[EXERCISE AIM] Exclude all pictures from your copy of the data below, which should otherwise match exactly.

[EXTRACTED INFORMATION]
☆ ☆ ☆ ☆
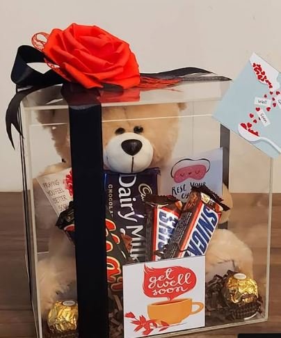 A soft teddy bear 🧸 placed inside a clear acrylic box
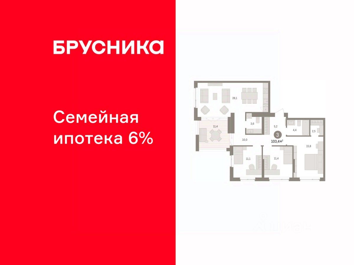 Просторная 3-комн. квартира с предчистовой отделкой в ЖК "Квартал "Юность"" на 16 этаже. Общая площадь: 103.38 кв.м. Высота потолков 2.7 м.
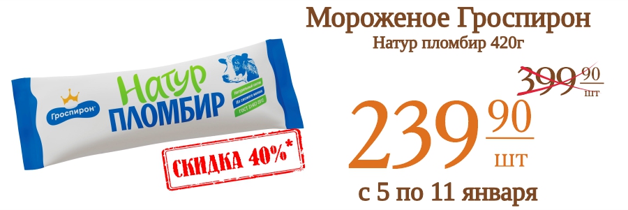 Мороженое Гроспирон Натур пломбир 420г 239,9 рублей
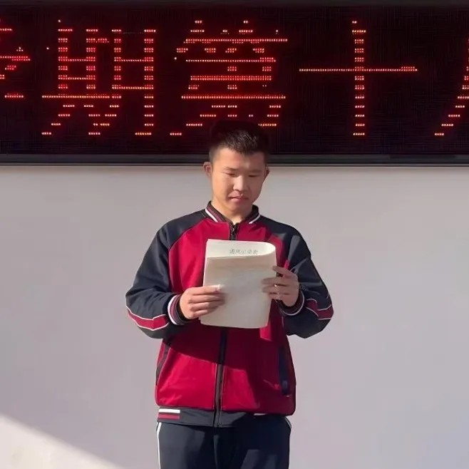 高二七班的杨佳雨同学走上主席台,他的声音清澈而坚定。“岁末临近,年味渐浓,我们即将告别忙碌充实的校园生活,奔赴充满期盼的新春佳节。”他以“凝心筑安全,聚力赴新春”为主题,将安全比作新春最美的底色,提醒大家虽然假期将至,但安全意识不可松懈。他呼吁同学们主动学习安全知识,将安全意识根植心中,在家里、在社区、在校园都能承担起安全责任,让每个人的力量汇聚成温暖的安全防线。最后,他送上对全体师生的新春祝福,期盼大家带着平安与健康奔赴团圆之约。
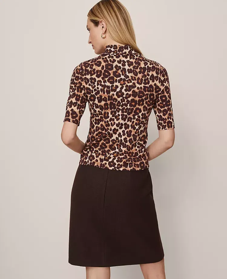 Ann Taylor Tops And Blouses|Animal Print Mock Neck Top Pale Sandalwood
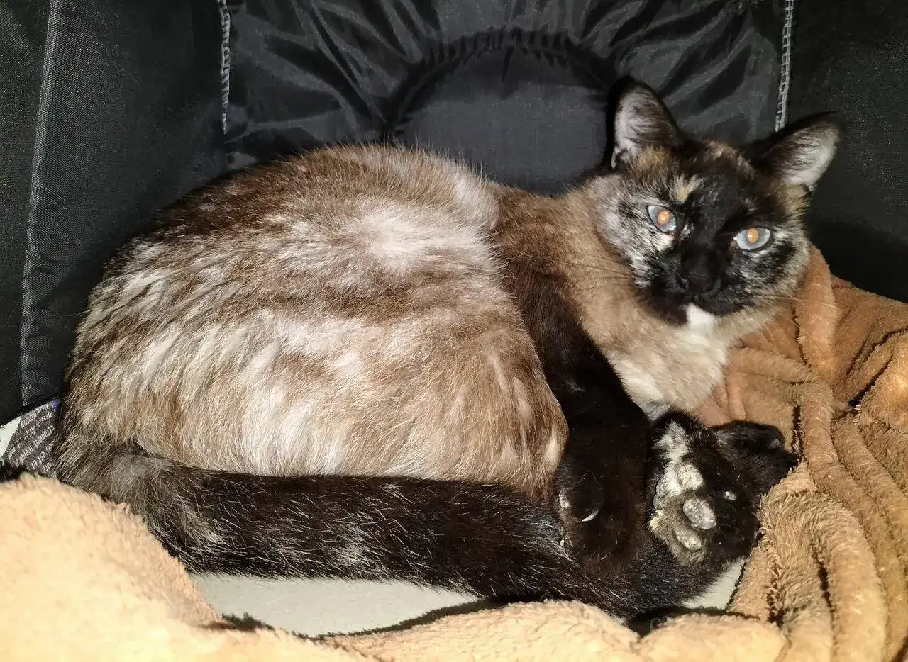 La Siamesa es esta.De maravilla, se han criado juntos casi. Hasta comparten cama.
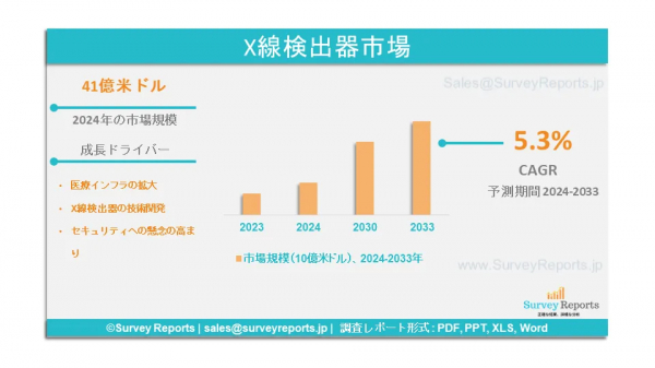 Survey Reports LLCは、2024年10月に調査レポートを発行したことを発表した。X線検出器市場は、タイプ別(フラットパネル検出器、コンピューテッドラジオグラフィ検出器、ラインスキャン検出器、電荷結合素子検出器)、パネルサイズ別(小面積、大面積)、技術別(間接変換、直接変換)、可搬性別 (固定式検出器、携帯式検出器)、用途別(医療用途、歯科用途、セキュリティ用途、獣医用途、産業用途)、エンドユーザー別(病院、診断ラボ、OEM、クリニック、ICU) - 2024年から2033年までの世界市場分析、動向、機会、予測を提供する。X線検出器市場の予測評価を提供する。X線検出器市場の成長促進要因、市場機会、課題、脅威など、いくつかの主要な市場力学に焦点を当てている。
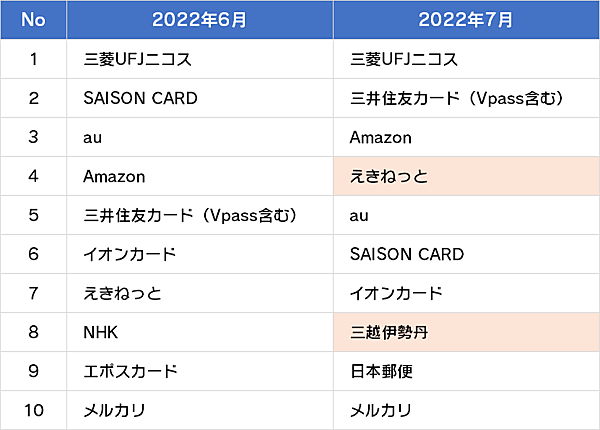 傾向としては、引き続きクレジットカードを狙ったフィッシング詐欺が多いが、7月度は三越伊勢丹ショッピングサイトのログイン情報を盗むフィッシング詐欺サイトが急増し、6月の圏外から8位にランクアップしていた。一般的なECサイトより、三越伊勢丹ショッピングは利用者の年齢が高く、そうした高齢層を標的にした可能性が考えられる。
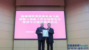 锐翔增程型电动飞机获颁型号合格证;北一飞四架G2型直升机获颁特许飞行证;南昌理工通航公司获颁91部运行合格证
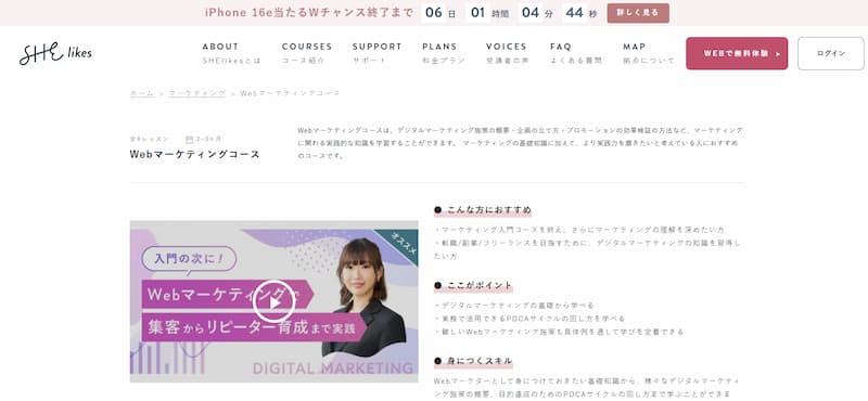 SHElikes(シーライクス)は、45以上の職種スキルが定額で学び放題の女性向けキャリアスクールです。
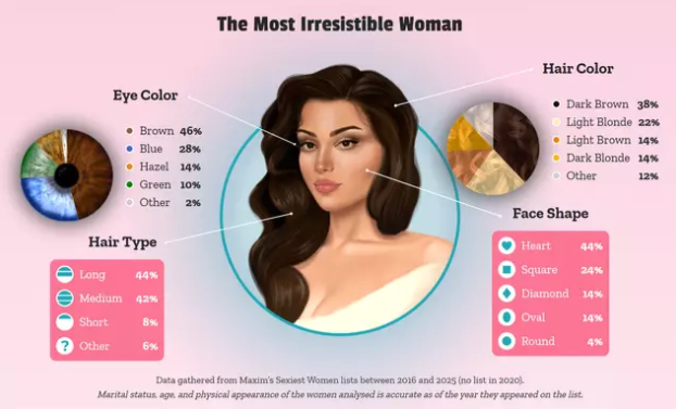 الدراسة أعدتها شركة PlayersTime، واعتمدت على تحليل قوائم «أكثر النساء جاذبية» الصادرة عن مجلة Maxim خلال الفترة من 2016 إلى 2025.
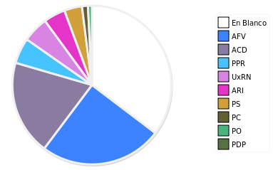 - Columna Porcentaje sobre Válidos no toma en cuenta los votos en blanco ni nulos (usado para D'Hondt de corresponder).
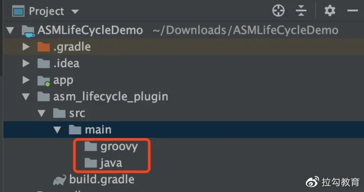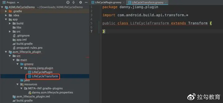 但 ASM 是 java 层面的框架,所以在 java 目录里存放 ASM 相关的类。 然后,在 groovy 中创建目录 danny.jiang.plugin,并在此目录中创建类 LifeCyclePlugin.groovy 文件。
☆ ☆ ☆ ☆
[RESULT OF THIS TASK]
 A soft teddy bear 🧸 placed inside a clear acrylic box
 Просторная 3-комн. квартира с предчистовой отделкой в ЖК "Квартал "Юность"" на 16 этаже. Общая площадь: 103.38 кв.м. Высота потолков 2.7 м.
 Мороженое Гроспирон Натур пломбир 420г 239,9 рублей
 高二七班的杨佳雨同学走上主席台,他的声音清澈而坚定。“岁末临近,年味渐浓,我们即将告别忙碌充实的校园生活,奔赴充满期盼的新春佳节。”他以“凝心筑安全,聚力赴新春”为主题,将安全比作新春最美的底色,提醒大家虽然假期将至,但安全意识不可松懈。他呼吁同学们主动学习安全知识,将安全意识根植心中,在家里、在社区、在校园都能承担起安全责任,让每个人的力量汇聚成温暖的安全防线。最后,他送上对全体师生的新春祝福,期盼大家带着平安与健康奔赴团圆之约。
 Ann Taylor Tops And Blouses|Animal Print Mock Neck Top Pale Sandalwood
 La Siamesa es esta.De maravilla, se han criado juntos casi. Hasta comparten cama.
 Survey Reports LLCは、2024年10月に調査レポートを発行したことを発表した。X線検出器市場は、タイプ別(フラットパネル検出器、コンピューテッドラジオグラフィ検出器、ラインスキャン検出器、電荷結合素子検出器)、パネルサイズ別(小面積、大面積)、技術別(間接変換、直接変換)、可搬性別 (固定式検出器、携帯式検出器)、用途別(医療用途、歯科用途、セキュリティ用途、獣医用途、産業用途)、エンドユーザー別(病院、診断ラボ、OEM、クリニック、ICU) - 2024年から2033年までの世界市場分析、動向、機会、予測を提供する。X線検出器市場の予測評価を提供する。X線検出器市場の成長促進要因、市場機会、課題、脅威など、いくつかの主要な市場力学に焦点を当てている。
 傾向としては、引き続きクレジットカードを狙ったフィッシング詐欺が多いが、7月度は三越伊勢丹ショッピングサイトのログイン情報を盗むフィッシング詐欺サイトが急増し、6月の圏外から8位にランクアップしていた。一般的なECサイトより、三越伊勢丹ショッピングは利用者の年齢が高く、そうした高齢層を標的にした可能性が考えられる。
 锐翔增程型电动飞机获颁型号合格证;北一飞四架G2型直升机获颁特许飞行证;南昌理工通航公司获颁91部运行合格证
 SHElikes(シーライクス)は、45以上の職種スキルが定額で学び放題の女性向けキャリアスクールです。
 الدراسة أعدتها شركة PlayersTime، واعتمدت على تحليل قوائم «أكثر النساء جاذبية» الصادرة عن مجلة Maxim خلال الفترة من 2016 إلى 2025.
 - Columna Porcentaje sobre Válidos no toma en cuenta los votos en blanco ni nulos (usado para D'Hondt de corresponder).
 但 ASM 是 java 层面的框架,所以在 java 目录里存放 ASM 相关的类。 然后,在 groovy 中创建目录 danny.jiang.plugin,并在此目录中创建类 LifeCyclePlugin.groovy 文件。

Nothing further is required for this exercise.